Ask the Rabbi – 25/09/2013

Dear Rabbi,

My mother is terminally ill and has requested that, when the time comes, we should sit a full week of shiva. To be honest, and discussing this with friends, a week seems a bit much. While my mother might prefer this, she’s not thinking of us, her family, who will have to do all the sitting.

Two or three nights is more than enough. Don’t you agree?

Cynthia

 

Dear Cynthia,

So just to be clear, your mother, who gave you however many years of your life, who sat with you at night when you were unwell and greeted you with a smile each morning; who made sure you had breakfast and dinner each day and packed a school lunch for you; who hugged you when you felt low and was there when you sought guidance; who taught you the value of friendships and relationships and who ensured you grew up to be the confident woman that you are – this lady you call mum asks for seven days and you think it’s a bit much?
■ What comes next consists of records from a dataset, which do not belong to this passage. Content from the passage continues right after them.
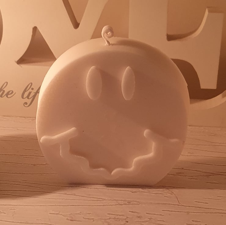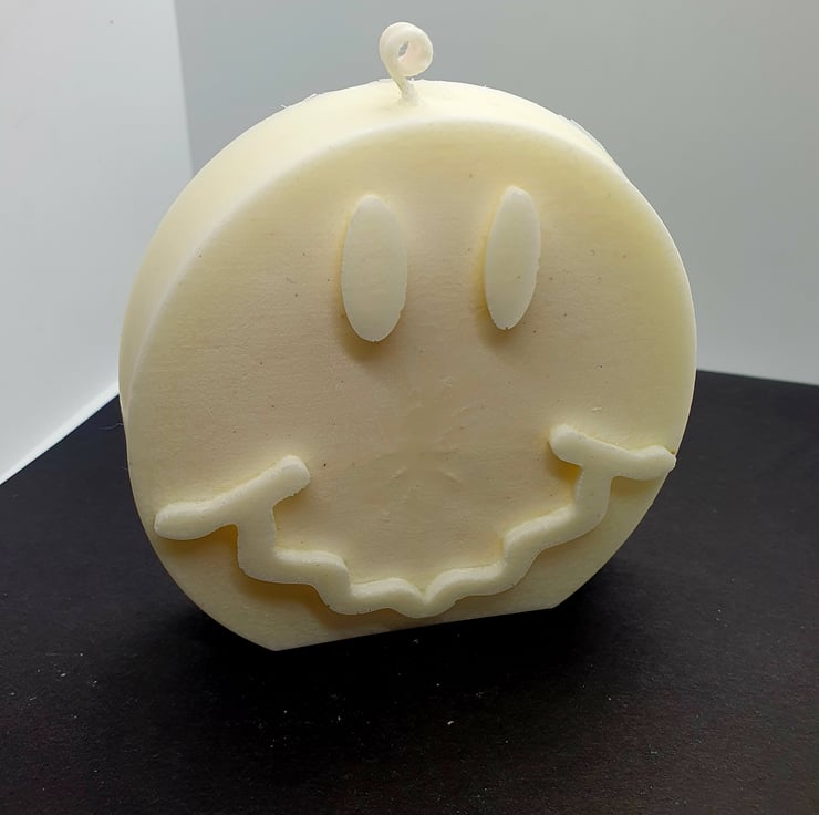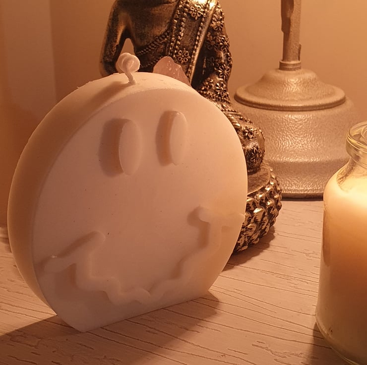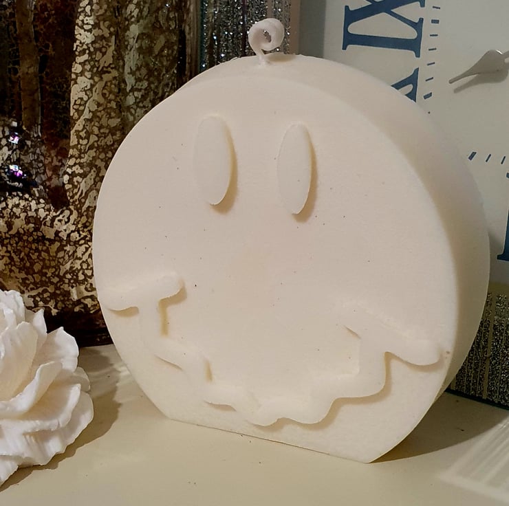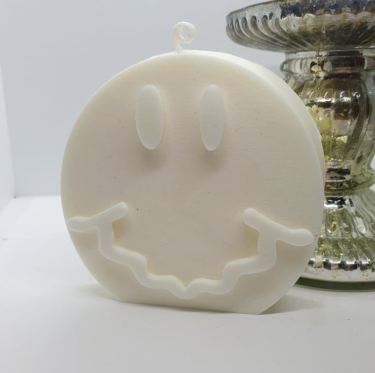 A gorgeous Scented Smiley Face Handmade Candle. Handpoured. Made with 100 % Soy Wax. Vegan. Eco Friendly Vanilla Fragrance. White .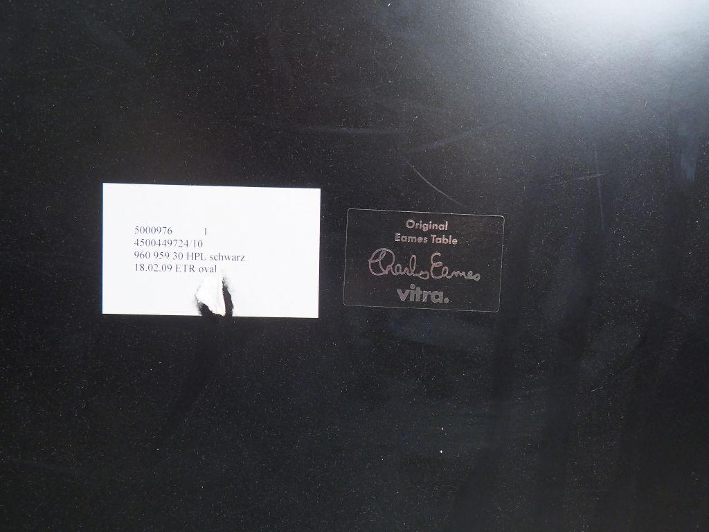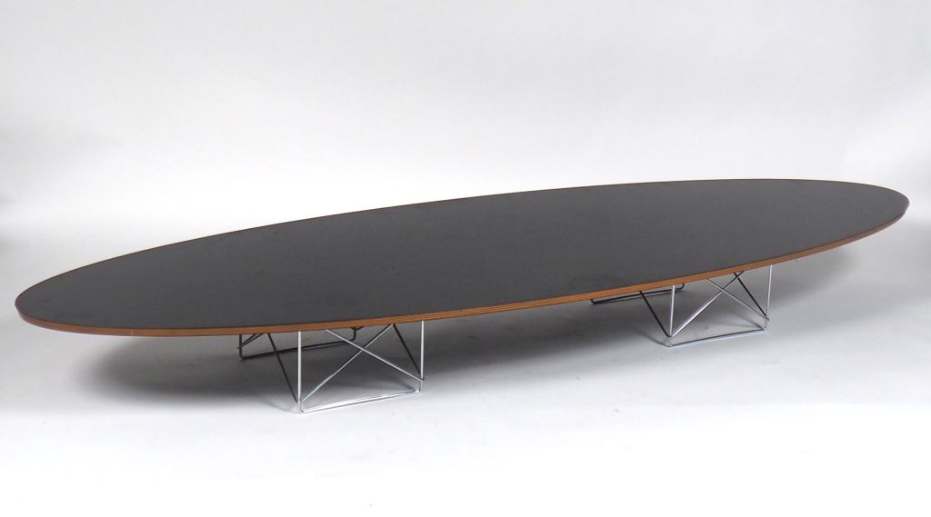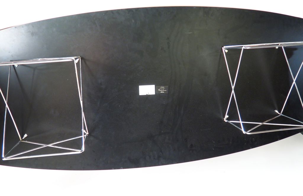 Charles EAMES. (d'après) Grande table basse ovale édition Vitra en bois stratifié et laqué. Signée. Dim. 225 x 73 cm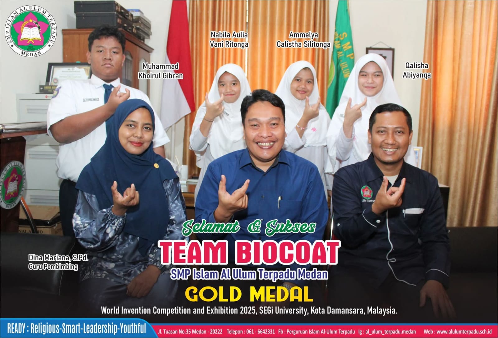 menorehkan prestasi yang luar biasa. Tiga tim yang diutus mengikuti perlombaan penelitian internasional berhasil meraih MEDALI EMAS pada ajang World Invention Competition and Exhibition 2025 di Kota Damansara, Malaysia.

Man is a miniature world and just as God’s world was created over seven days – from the first day when He made light to the loss of man is more than the removal of a mere mortal from our midst. It is very much the loss of a personal world. Your mum is your world – who brought light into your life from day one. And when she is laid to rest, the least you could do is mourn that loss of your world over a seven-day period.[divider]

Dear Rabbi,

As a Jewish woman, I’d like to see more female prayer groups to encourage them to get more involved in the community and Judaism.

Katy

 

Dear Katy,

As a rabbi, I would like to see more Jews – male or female – get more involved in their Judaism. However, the question that begs clarity is: are these services the be-all and end-all?

There is Shabbat observance, the kosher laws, the mikvah and so on, which are more fundamental to Jewish observance than these prayer groups.

Do such services lead to greater spiritual involvement and practice? If so, it can be safely assumed those wanting such services are coming from a genuine place and, provided the services are conducted within the framework of Halacha, it should even be encouraged.

However if – and it’s a big ‘if’ – these services are just an end in themselves, where those attending don’t progress to deeper, more spiritual commitment and undertaking, it is little more than feminist expression. Not only have they missed the point about services, they have missed the point about Jewish tradition altogether.[divider]

Dear Rabbi,

I often give to charity, but usually do it with an ulterior motive. I like to think that if I give, God will look after me and that the more I give, the more I will make. This makes me wonder: can God be bribed?

Zack

 

Dear Zack,

The Talmud states: “One who gives charity and says: ‘On condition that my child is healed from sickness’, or ‘on condition I earn a reward in the afterlife’ is completely righteous.”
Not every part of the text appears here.